Posted by: scott at May 4, 2004 03:32 PM

Also, I'm with you in looking for a little critical rehab for 'Eyes Wide Shut', I thought it was dismissed far too quickly (Kidman's dire performance aside)... I loved the film's nightmare logic, the way the absurd seems inevitable, and things are linked not so much by Cruise's blundering detective work, but by the underlying assumption that of course things are linked, they always will be.

Posted by: Philip at May 4, 2004 06:57 PM

Phil

I'd actually put EWS in my top four Kubrick films; after Barry Lyndon (the absolute peak), The Shining and 2001.

There's actually a great deal in common between MD and EWS.

EWS is definitely Kubrick's most Kafkaesque film; the scene in which Cruise stumbles upon those two Japanese guys in the back of the costume shop with the owner's daughter is PURE Kafka.

I like the idea that the message handed to Cruise outside the gates at Somerton - 'give up all your useless attempts to understand what is happening' - is effectively addressed to the audience.

But yes, Kidman's performance, I'm afraid, is simply awful. (Who can recall that stoned scene without cringing?) Cruise, meanwhile, is great.

Jon:

Derrida isn't what I'd call a postmodernist and wasn't what I was referring to; I was thinking more of a kind of reflexive practice (meta-fiction, meta-culture). But - and I know very little about Derrida too - my understanding of his work is that it is in a way motivated by an absent transcendent space (the signified). Jouissance is a concept I'd associate more with Lacan (and feminist take-up of JL) than with Derrida....

Zizek makes great play of the kind of idyllic scenes you refer to, arguing that we should see them as integral to Lynch's work, part of what Z calls the 'ridiculous sublime'.

You'd have to substantiate yr idea that Lynch's films are about pursuing transcendence, I don't see it myself....

Scott

Yeh, there's no doubt that MD is Lynch's masterpiece as far as I'm concerned; I don't see anything else in his oeuvre that can touch it.

Posted by: mark k-punk at May 4, 2004 07:32 PM

Mark

fairy nuff.
it's not like i've got one sixteenth of your intellectual firepower to argue back with; i've just got a ken for Eraserhead.

actually, the really bold critical move would be, of course, to argue vigorously for The Straight Story...
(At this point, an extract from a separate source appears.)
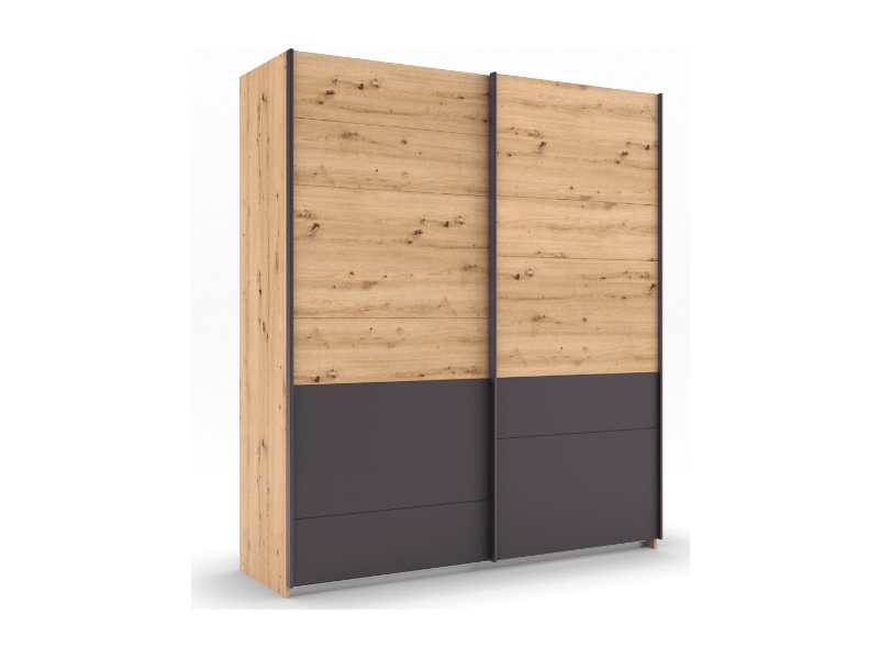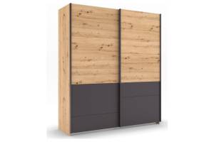 Dulap cu usi glisante BILBAO 181x210x62cm stejar artisan/ gri metalic, maner gri metalic

oh, couldn't agree more w' you about the obvious supremacy of Barry Lyndon btw.
P.S.
i never actually saw EWS. TBH i'm not really that bothered too either though. am i being terribly mean?
i do like Nicole Kidman (well, in things like The Hours and that one where she's a ghost but don't realise it for a bit and that one where she plays a weathergirl who bumps off her hubbie Matt Dillon, she's, well, okay). but your descriptions of her awfulness in said film are not endearing me...
P.P.S.
is Kidman's best thing still being oppo' the bonkers Zane in Dead Calm? i have a terrible memory for these things. it certainly isn't Far & Away.